А тем временем закат уже догорел, и на Землю спустилась ее величество Ночь. Но спать совершенно не хотелось. Мы сидели у костра, время от времени перебрасываясь незначительными фразами, и любовались сполохами пламени.
Прикуривая от тлеющей головни (я всегда в походных условиях прикуриваю именно так, потому что так «вкуснее»), я задумалась о том, что именно огонь, извечный враг всего живого, сделал человека человеком. Потому, что где бы мы, люди, не были, как бы ни были тяжелы окружающие условия, мы всегда расслабляемся, сидя рядом с хищными, живыми огненными языками. Рядом с огнем нам комфортно и уютно. Будь это маленькая свечка, камин или костер. Разумеется, в определенных пределах, ибо к пожару мы относимся так же, как и все животные. Но вот такой, прирученный огонь — друг и лучший психотерапевт. Даже у Сережи на лице разгладились мрачные складки.
Интересно, как он, наш костер, выглядит с другого берега? Может быть там, в каком-нибудь санатории, сейчас гуляют люди, смотрят на далекое пламя на крутом сосновом берегу и слегка завидуют нам, романтикам-«робинзонам»?
?????
…нужно было искать долгую дорогу к самому себе. Это было мучительно тяжело. Потому что было во всем его существовании нечто такое, о чем он старался забывать при первой же возможности. А сейчас ему предстояло все это вспомнить.
Воспоминание, пришедшее из самых отдаленных уголков его существа, пронзило сознание, словно раскаленная игла, словно мощный электрический разряд. Тот факт о себе самом, который он прятал в самых потаенных уголках сознания, вдруг выплыл и, как и всегда, поверг его в шок.. Потому что для него, живущего во всех временах, путешествующего как угодно в прошлое и будущее, была просто непереносима сама мысль зависимости от времени.
Его физическая сущность находилась в пространстве.
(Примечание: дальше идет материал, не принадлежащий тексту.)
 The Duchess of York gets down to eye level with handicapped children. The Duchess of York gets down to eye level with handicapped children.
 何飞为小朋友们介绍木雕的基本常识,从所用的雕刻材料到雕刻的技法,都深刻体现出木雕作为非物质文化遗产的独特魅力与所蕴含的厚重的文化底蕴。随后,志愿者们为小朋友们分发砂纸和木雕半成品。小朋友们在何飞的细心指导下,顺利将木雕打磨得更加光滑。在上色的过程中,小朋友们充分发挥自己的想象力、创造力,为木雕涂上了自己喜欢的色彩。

В конкретной точке этого пространства, на одной из бесчисленных планет Галактики. И время шло для этой планеты, а, следовательно, и для его физической сущности, самым примитивным линейным образом. Когда наступление одних событий было обусловлено другими, уже произошедшими. Когда отдельно друг от друга существовало прошлое и будущее, пересекаясь на узеньком промежутке настоящего. И именно от него, от настоящего этой планеты, а точнее, от настоящего той конкретной точки на планете, где находилась его оболочка, напрямую зависело все его существование.
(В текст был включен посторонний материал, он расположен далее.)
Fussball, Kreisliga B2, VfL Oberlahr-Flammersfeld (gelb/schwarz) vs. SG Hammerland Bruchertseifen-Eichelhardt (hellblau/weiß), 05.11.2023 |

Он мог заглянуть за миллиарды лет вперед, в то время, когда сама планета уже превратится в межзвездную пыль, но он не мог повлиять на течение времени здесь и сейчас, на наступление каких-либо событий, даже самых незначительных. Живя во времени, он тем не менее оставался его, времени, игрушкой. Этот факт доводил его до исступления, и поэтому, возвращаясь к привычному созерцанию, он старался как можно быстрее забыть о нем. Как и обо всем, что с этим связано.
Но сейчас непосредственная опасность угрожала самому его существованию. Он снова попал в ловушку, расставленную коварным временем.
Он вспомнил еще и то, что подобное происходило с ним и раньше. Уж очень хрупкой и уязвимой была его структура. И каждый раз ему приходилось локализовывать сознание и вступать во взаимодействие с объектами, живущими в пространстве по законам линейного времени. И каждый раз, восстанавливая свою память, он вступал в связь с теми критическими моментами, получая из них информацию. Когда-то давно он научился так делать. Ибо для того, чтобы просто все вспомнить, ему нужно было бы слишком много времени. Времени… Он знал о времени буквально все, кроме одного: когда, в какой локальный момент случится очередной катаклизм, который будет снова угрожать его существованию. Он не знал своего собственного будущего, и поэтому ему приходилось обращаться за опытом в прошлое, связывая эти моменты единой незримой нитью, словно бусинки, присоединяя их один к другому…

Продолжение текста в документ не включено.